His sixth book, Pop Warner: A Life on the Gridiron, a biography of the legendary coach of the Stanford, Pittsburgh and Carlisle football teams, was published in August 2015.

August 2021 was the release date for RELICS: The History of the Buffalo Bills in Objects & Memorabilia, on which Miller partnered with Buffalo Bills uber-collector and historian Greg Tranter. This book is a new approach to chronicling the history of the Buffalo Bills by telling the story through its memorabilia and various collectibles, including game-worn equipment, one-of-kind objects such as Ralph Wilson's Hall-or-Fame Jacket, cherished mementos from the players including championship rings (and other surprise items), as well popular items such as the Whammy Weenie, Flutie Flakes, game programs, action figures, pennants and much more. Published by St. Johann's Press September 2021.

A revised and updated version of his 2012 offering, 100 Things Bills Fans Should Know & Do Before They Die, was published in the fall of 2021. Several chapters were updated to include events that had transpired between the original publication date and the 2020 season, such as Tom Flores and Andre Reed making it into the Pro Football Hall of Fame, Ralph Wilson's passing and the eventual sale of the team. Seven chapters were replaced with new pieces on Josh Allen, Sean McDermott, the Bills Mafia, and more.

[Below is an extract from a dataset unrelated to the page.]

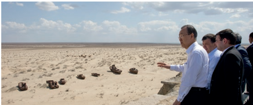
Accompanied by Uzbek Prime Minister Shavkat Mirziyoyev (second from left), Ban Ki-moon, former UN Secretary-General (left), takes in the rusted, abandoned ships of Muynak, Uzbekistan, a former port city whose population has declined precipitously with the rapid recession of the Aral Sea.

Central Asia offers a prominent example of how political factors can make the search for win-win solutions difficult, and how foreign policy can help advance such efforts. Since the dissolution of the Soviet Union, the Aral Sea basin has witnessed significant conflict over water. Upstream countries inherited big Soviet reservoirs that had primarily been built to boost downstream irrigation in summer for cotton production. However, as upstream countries' energy costs rose post-independence, they started releasing more water for hydropower generation in winter. Uzbekistan, whose economy has

Leo Lyons, the Rochester Jeffersons & the Birth of the NFL, Miller's ninth book, was published in June 2025. It tells the story of the Rochester Jeffersons, an original NFL franchise that played 1920–25, and the team's owner, Leo Lyons. It was co-written with Lyons' great-grandson, John D. Steffenhagen. Lyons is credited with many innovations in pro football, including designing the first pro team logo, creating bubble gum cards to promote the game, and helping to redesign the ball from its old melon shape into today's ball. He conceived the idea of the Pro Football Hall of Fame, and was named the first historian of the National Football League. He is also credited with hiring the fourth known black professional football player when he signed Henry McDonald to play for the Jeffersons in 1912.

== Documentaries ==

Miller has appeared as a featured commentator in two documentaries focusing on football history. In 2009, he was featured in the NFL Films production History of the Buffalo Bills, which coincided with the 50th anniversary of the franchise. It is available on DVD.

In 2015, he appeared in Time Warner Sports Network's Before The League documentary, which told the story of the evolution of professional football prior to the founding of the National Football League in 1920. The six-part series originally aired in November 2015. This film is expected to be released on DVD, but no date has been announced.

Miller has also been featured in multiple episodes of the NFL Network's NFL Top 10 series.

== Awards ==
In 2025, Miller and John Steffenhagen, his coauthor for the book Leo Lyons, the Rochester Jeffersons and the Birth of the NFL, were awarded the Nelson Ross Award for "Outstanding recent achievement in pro football research and historiography" by the Professional Football Researchers Association. This was Miller's second time winning this award, having received it for the first time in 2021 with Greg Tranter, with whom he coauthored RELICS: The History of the Buffalo Bills in Objects & Memorabilia. Miller was the 2004 recipient of the PFRA's Ralph E. Hay Award, presented for "Lifetime achievement in professional football research and historiography" and winner of the PFRA 2003 Writing Award for articles "Focusing on a Significant Pro Football Personality."